**Problem**
Using the records that follow, reproduce exactly the lines starting at the line containing "Экскурсия в храм: историческое" and ending at the line containing "Guía de Estudio". Include both end lines and no pictures.

**Listed records**
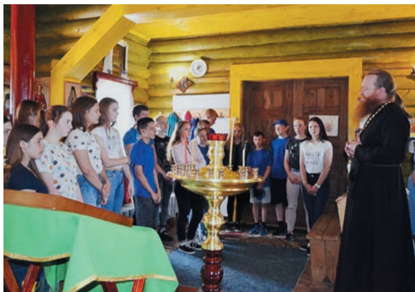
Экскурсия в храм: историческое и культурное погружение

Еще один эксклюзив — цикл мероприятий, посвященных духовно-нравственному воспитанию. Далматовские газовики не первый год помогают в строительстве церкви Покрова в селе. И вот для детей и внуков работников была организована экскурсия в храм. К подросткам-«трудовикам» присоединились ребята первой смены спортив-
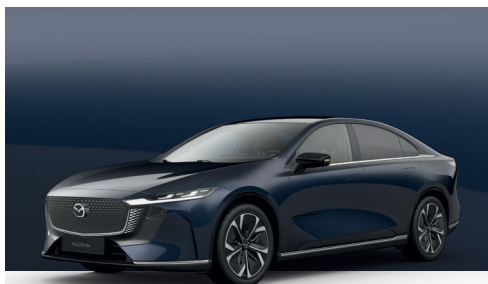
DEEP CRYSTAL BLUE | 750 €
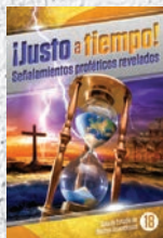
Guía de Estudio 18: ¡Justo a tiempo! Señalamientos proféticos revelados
--
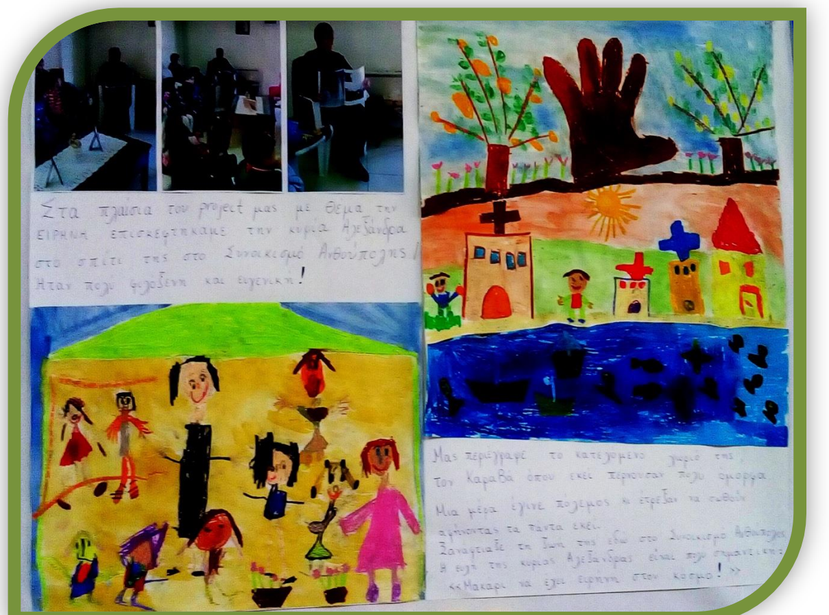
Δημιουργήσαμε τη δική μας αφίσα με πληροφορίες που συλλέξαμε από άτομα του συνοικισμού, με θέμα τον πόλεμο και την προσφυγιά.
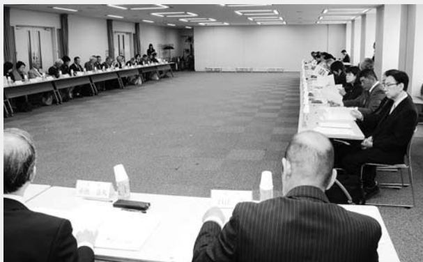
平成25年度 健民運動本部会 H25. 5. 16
--
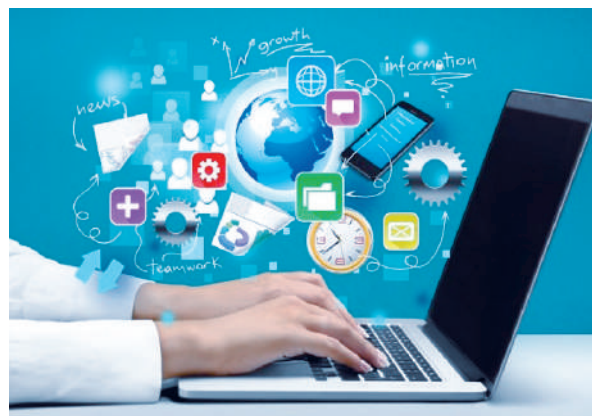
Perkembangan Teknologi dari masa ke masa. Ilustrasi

**Output below**
Экскурсия в храм: историческое и культурное погружение

Еще один эксклюзив — цикл мероприятий, посвященных духовно-нравственному воспитанию. Далматовские газовики не первый год помогают в строительстве церкви Покрова в селе. И вот для детей и внуков работников была организована экскурсия в храм. К подросткам-«трудовикам» присоединились ребята первой смены спортив-
DEEP CRYSTAL BLUE | 750 €
Guía de Estudio 18: ¡Justo a tiempo! Señalamientos proféticos revelados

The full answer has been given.